:: Material provided ::
※ ※ ※
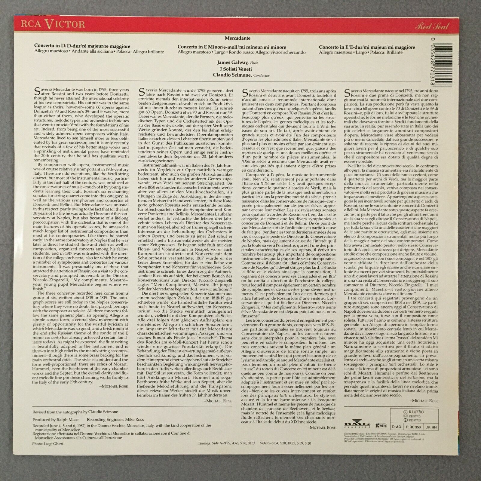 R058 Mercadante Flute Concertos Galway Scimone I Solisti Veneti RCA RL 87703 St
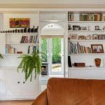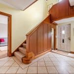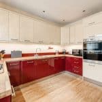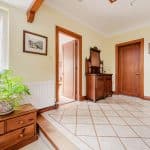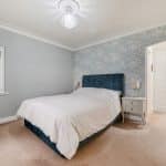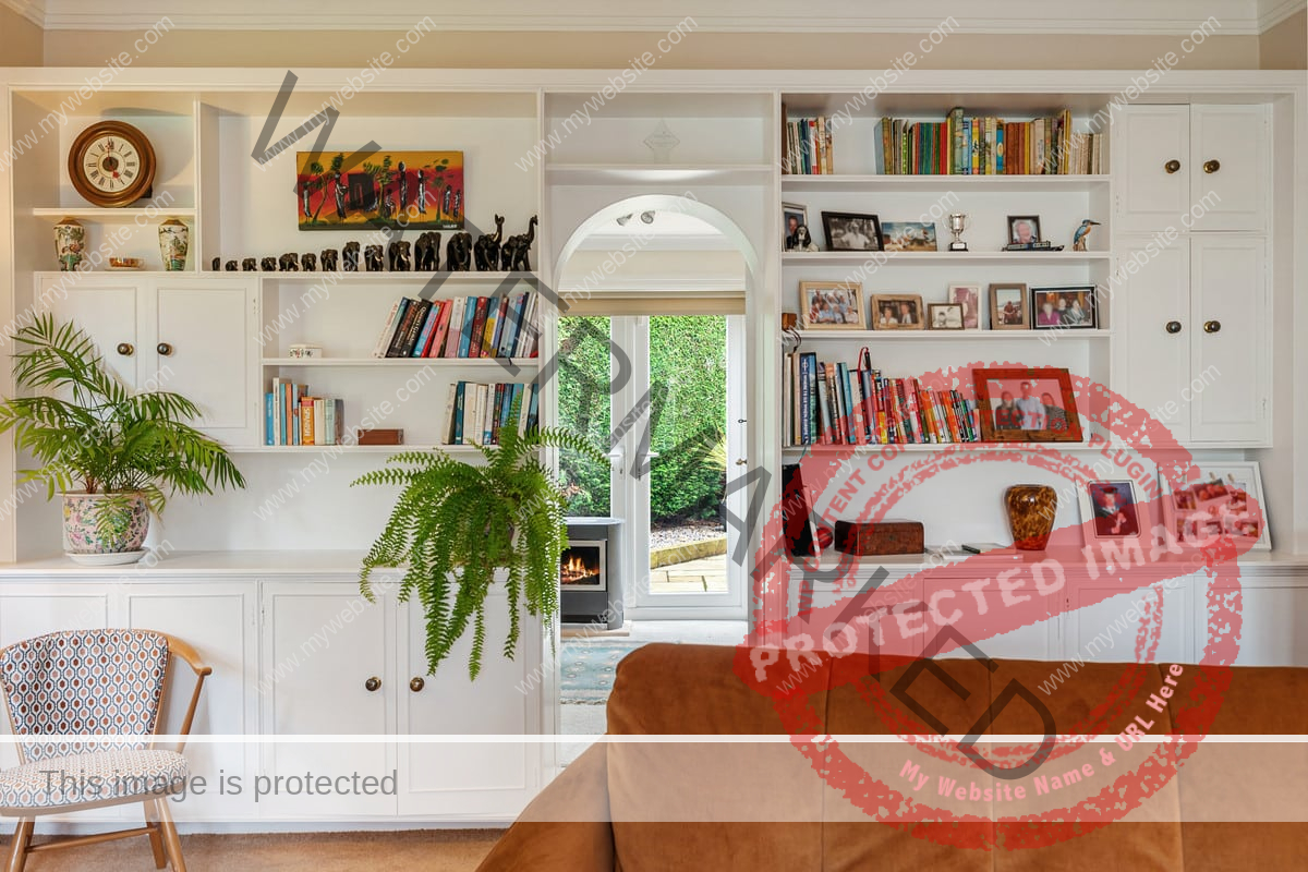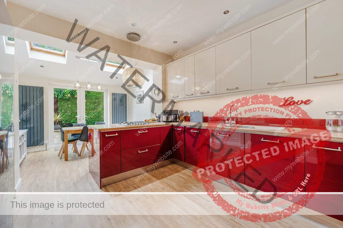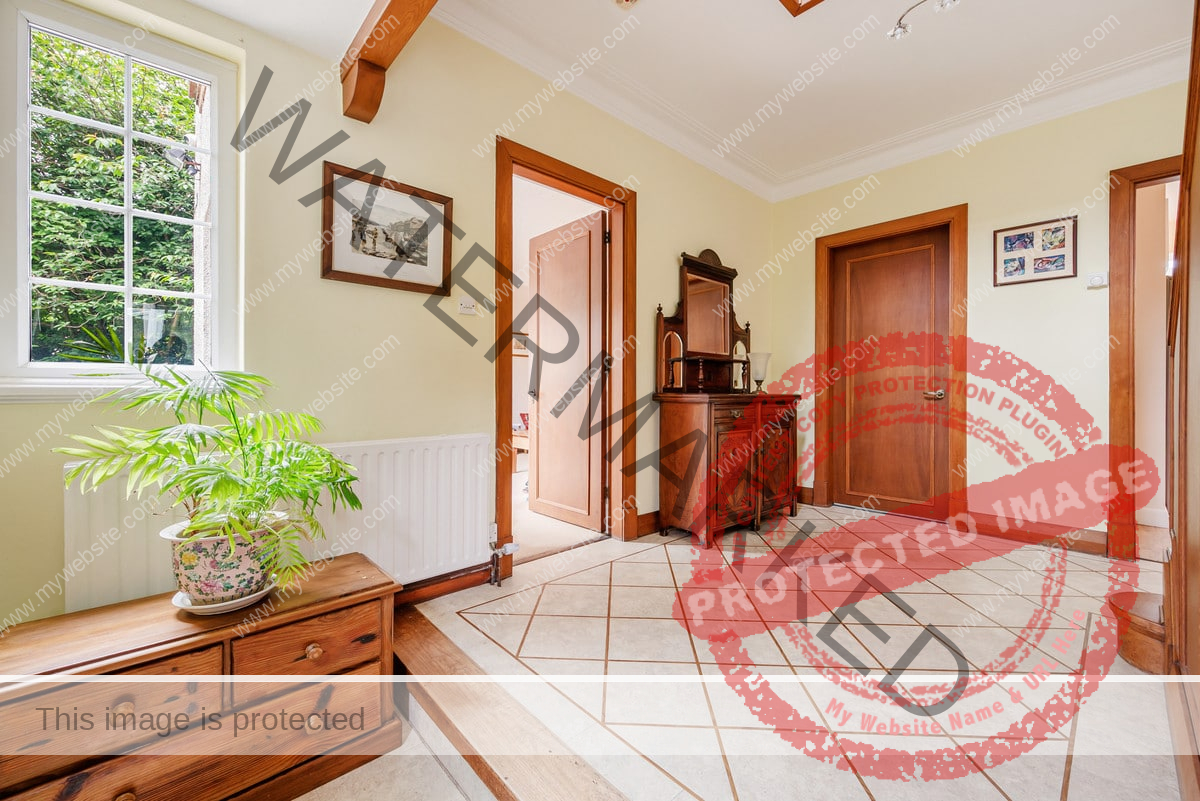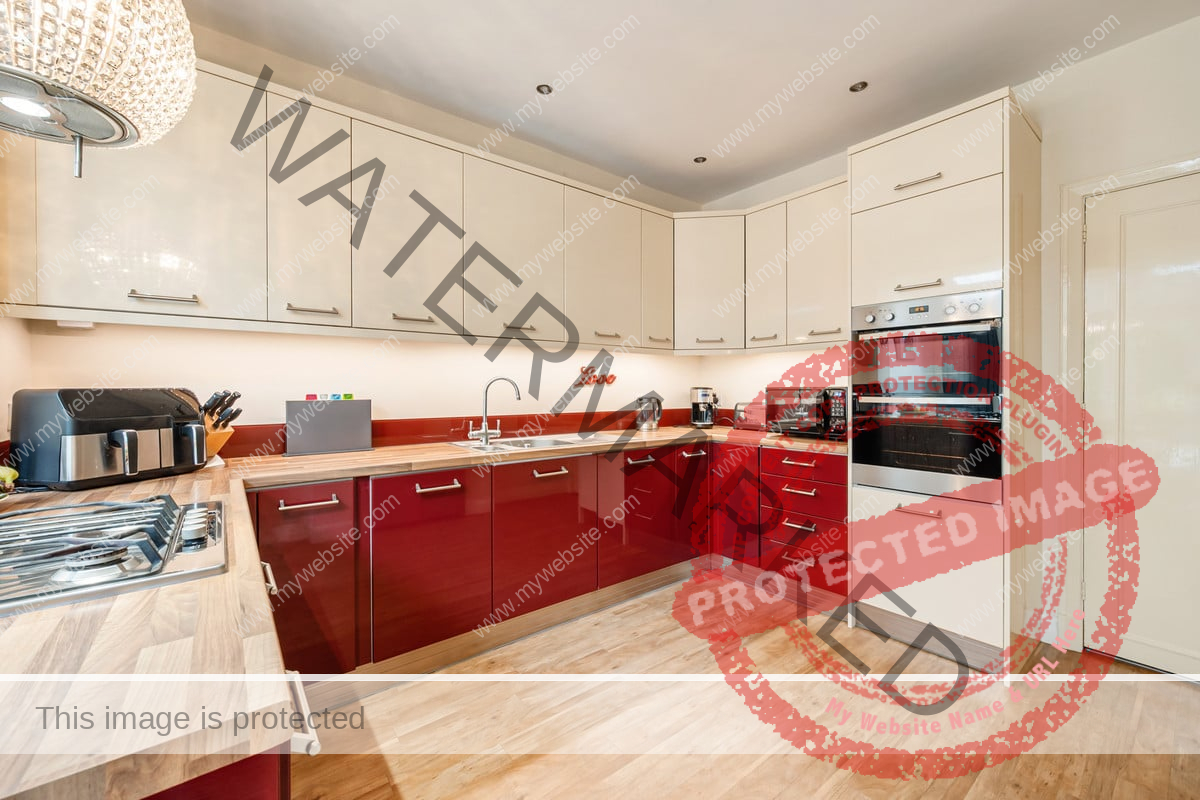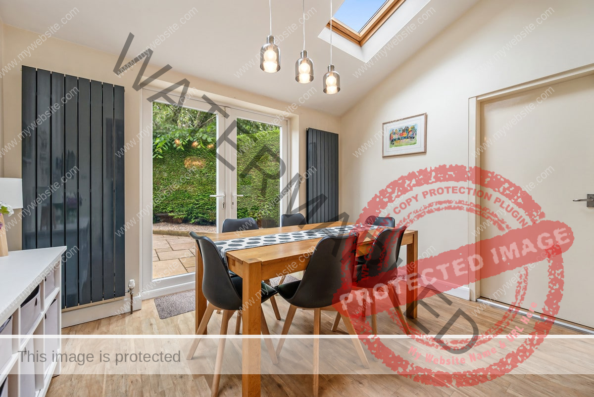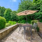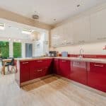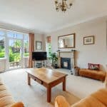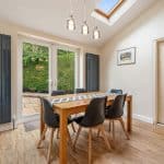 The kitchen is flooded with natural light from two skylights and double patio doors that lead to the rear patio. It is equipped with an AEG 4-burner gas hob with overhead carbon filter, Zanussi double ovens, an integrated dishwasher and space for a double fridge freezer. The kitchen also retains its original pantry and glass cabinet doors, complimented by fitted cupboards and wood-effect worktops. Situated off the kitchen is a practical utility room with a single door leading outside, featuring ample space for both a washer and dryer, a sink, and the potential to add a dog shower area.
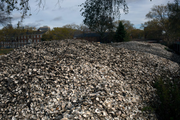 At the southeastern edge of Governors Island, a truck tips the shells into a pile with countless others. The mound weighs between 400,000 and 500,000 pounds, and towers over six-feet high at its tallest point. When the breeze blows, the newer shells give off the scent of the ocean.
※ ※ ※
The expected output is the full material above, word for word, without pictures.

:: Solution for this task ::
 R058 Mercadante Flute Concertos Galway Scimone I Solisti Veneti RCA RL 87703 St
 The kitchen is flooded with natural light from two skylights and double patio doors that lead to the rear patio. It is equipped with an AEG 4-burner gas hob with overhead carbon filter, Zanussi double ovens, an integrated dishwasher and space for a double fridge freezer. The kitchen also retains its original pantry and glass cabinet doors, complimented by fitted cupboards and wood-effect worktops. Situated off the kitchen is a practical utility room with a single door leading outside, featuring ample space for both a washer and dryer, a sink, and the potential to add a dog shower area.
 At the southeastern edge of Governors Island, a truck tips the shells into a pile with countless others. The mound weighs between 400,000 and 500,000 pounds, and towers over six-feet high at its tallest point. When the breeze blows, the newer shells give off the scent of the ocean.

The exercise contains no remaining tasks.